Also in 2015, three members of the Rock Machine Montreal chapter were imprisoned for their involvement in fraud incident. This included Jason Fluet, who had recently been promoted from the SS Elite Motorcycle Club. They had made a deal with someone to invest $60,000 in one of their businesses, after receiving it they notified the individual that his contribution had been rejected by his bank. They then showed up at the man's residence and demanded he hand over a two vehicles worth $30,000, $30,000 in cash and a demand in interest, which he agreed to several days later the victim learned that his shares had actually been cashed by the bank and he called the police. The Rock Machine had robbed him of a collective amount of $120,000. Quebec Police arrested Fluet and two full-patch members of the Rock Machine for intimidation and fraud. During the subsequent raid in Montreal, they seized three "cuts" displaying Rock Machine colours and patches and "significant" amounts of narcotics.

On June 9, 2016, Quebec Police arrested three members of the Rock Machine in raids, the 3 members including a former president faced charges related to narcotics trafficking, conspiracy and possession of prohibited weapons.
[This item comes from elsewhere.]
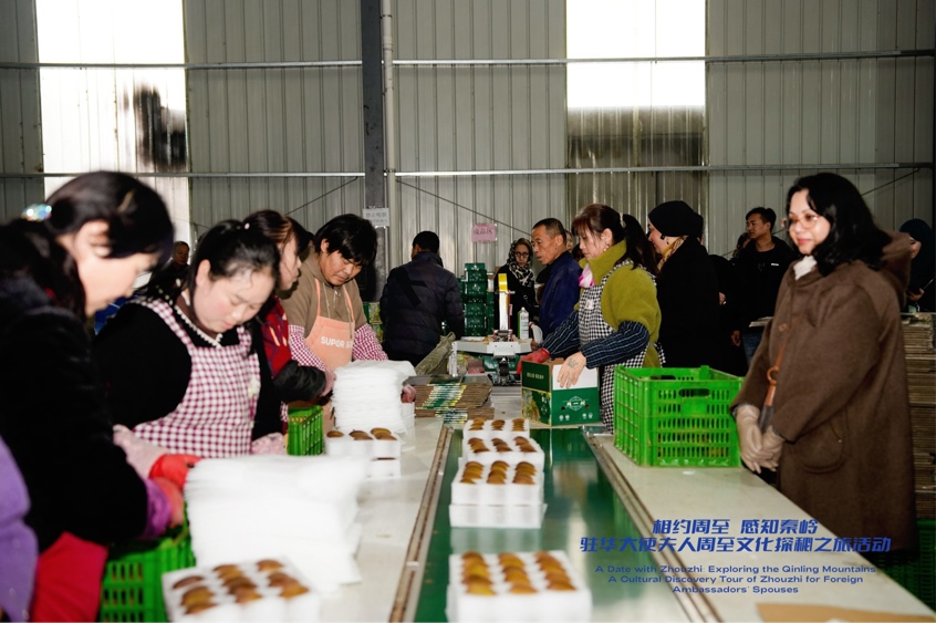 駐華大使夫人品嘗著不同品種的獼猴桃以及各式各樣的獼猴桃深加工食品,紛紛稱贊其細膩的口感、獨特的風味和濃郁的果香?!斑@不僅是一次味覺的享受,更是一次對中國鄉(xiāng)村產(chǎn)業(yè)振興的直觀感受?!蹦β甯珩v華大使夫人表示,“我非常期待后續(xù)可以和周至合作,因為摩洛哥很喜歡這種水果,我也希望可以在這里學到一些產(chǎn)業(yè)發(fā)展的知識,并把這些知識帶回我們國家?!?/p>
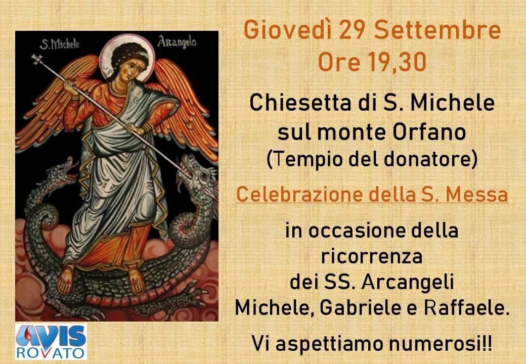 In occasione della ricorrenza dei SS. Arcangeli Michele, Gabriele e Raffaele verrà celebrata la S.Messa presso la chiesetta di S.Michele sul Monte Orfano, Tempio del Donatore.

The emergency response team, including armored vehicles, took part in the operation leading to the arrests. four firearms were seized, this included a "9 mm pistol, 357 revolver, 25 caliber pistol and a prohibited automatic impulse weapon" were seized during the raids. The police also found various narcotics including over 10,000 methamphetamine pills, pounds of cocaine, GHB, cannabis and "Large amounts of cash"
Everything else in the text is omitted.